Die Freiheit des Denkens und Handelns eröffnet dem Bürger einen allumfassenden Gestaltungsraum und verweist den Staat insoweit in eine subsidiäre Position. Es ist erforderlich, dass unsere Gesellschaft in einen Diskurs über den weiteren Ausbau bürgerschaftlicher Verantwortung eintritt und dabei auslotet, welche Rahmenbedingungen in unserer Gesellschaft dafür geschaffen werden sollten bzw. müssten, um die Möglichkeiten bürgerschaftlichen Engagements zu erweitern und zu stärken. Dabei geht es einerseits um die staatliche Förderung durch Steuerentlastungen philanthropischer Einrichtungen, die sukzessive staatliche Aufgaben übernehmen, Patenschaften und Ehrenämter, andererseits aber auch sozusagen parallel zur wahren Wirtschaft darum philanthropische Produkte zu entwickeln, für die schon heute Nachfrage und Absatz optimiert werden müssten.
In Bereichen, in denen sich der Staat zurückzieht, ist der Bürger gefragt. Sein Engagement ist zwar schon heute beträchtlich, aber eine Optimierung durch staatliche Anerkennung und soziale Implementierung in der Gesellschaft steht noch aus. Dieser Diskurs muss verstärkt werde. An geänderte Lebenssachverhalte angepasste Entwicklungsprozesse in unserer Gesellschaft sind nicht neu, sondern selbstverständlich. Allerdings verlaufen diese nicht linear, sondern im gleichen Maße, wie sich zum Beispiel die Weltbevölkerung potenziert, stellen sich die Herausforderungen an unsere Gesellschaft auch einer neuen Dynamik. Die Haltung des Menschen bei der Beurteilung des Richtigen und Falschen darf dabei nicht vernachlässigt werden, aber die Ausgestaltung stellt Bürger, Staat und auch die supranationale Gemeinschaft vor Aufgaben, die viel komplexer sind als sie jemals waren und daher auch nur in einer umfassenden Betrachtung aller Chancen und Möglichkeiten gelöst werden können. Jedes Regelwerk muss konsequent das umfassende Ziel mitberücksichtigen und die Zukunft als Vision benennen.

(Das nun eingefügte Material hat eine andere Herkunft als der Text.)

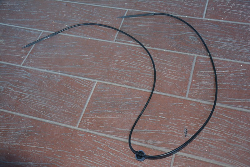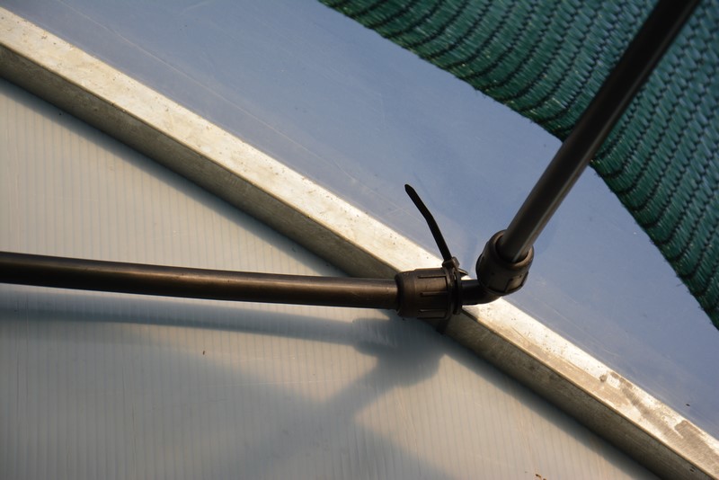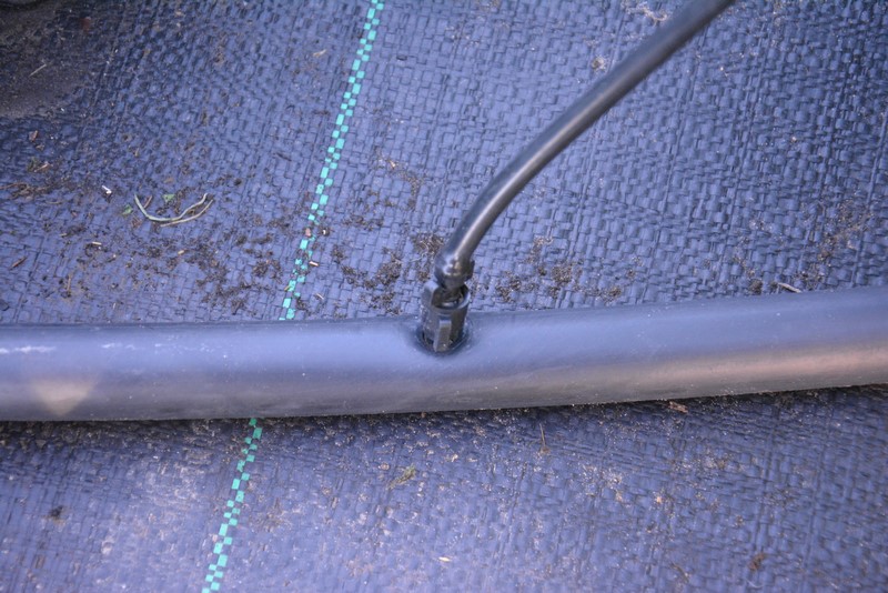 Na drugiej fotce pokazałem na dole dwa elementy służące do łączenia spryskiwacza z rurą zasilającą. Sam spryskiwacz łączy się z tymi elementami wężykiem 7/4 mm (typowy w systemach nawadniających, do kupienia w każdym sklepie z nawodnieniami, koszt ok 1 zł za metr), który naciąga się na końcówki. Warto przed naciąganiem zanurzyć końcówki wężyka we wrzątku (staje się bardziej elastyczny). Wężyk kupujemy z metra i przycinamy na wymaganą długość (w zależności od wysokości, na jakiej chcemy go zamontować, czyli w przybliżeniu nieco krócej, niż długość pręta, na którym go montujemy). Do jego przycinania możemy użyć zwykłych nożyczek. Montowanie do węża zasilającego wygląda tak:

Die dann folgende Ausarbeitung umfassender rechtlicher Rahmenbedingungen für künftige Lebensgestaltung stellen nicht nur in Deutschland staatliche und supranationale Einrichtungen vor große, nur interdisziplinär und auch nur in einem „Vertrag mit dem Bürger“ zu lösende Herausforderungen.
Ergebnis eines komplexen Untersuchungsprozesses soll es sein, Handlungsempfehlungen aufzuzeigen, an welcher Stelle mit welcher Richtungsweisung politische Einrichtungen Impulse setzen können, um Gesetzgebungsinitiativen im nationalen und supranationalen als auch im europäischen Raum auf die neuen Herausforderungen vorzubereiten. So kann die rechtspolitische Arbeit der Konrad-Adenauer-Stiftung sach- und zielorientiert weiterentwickelt werden und Grundlage sein für einen gesellschaftlichen Diskurs, der weit über augenblickliche politische Rahmenbedingungen und systemerhaltende Gesetzgebungsvorhaben hinausreicht.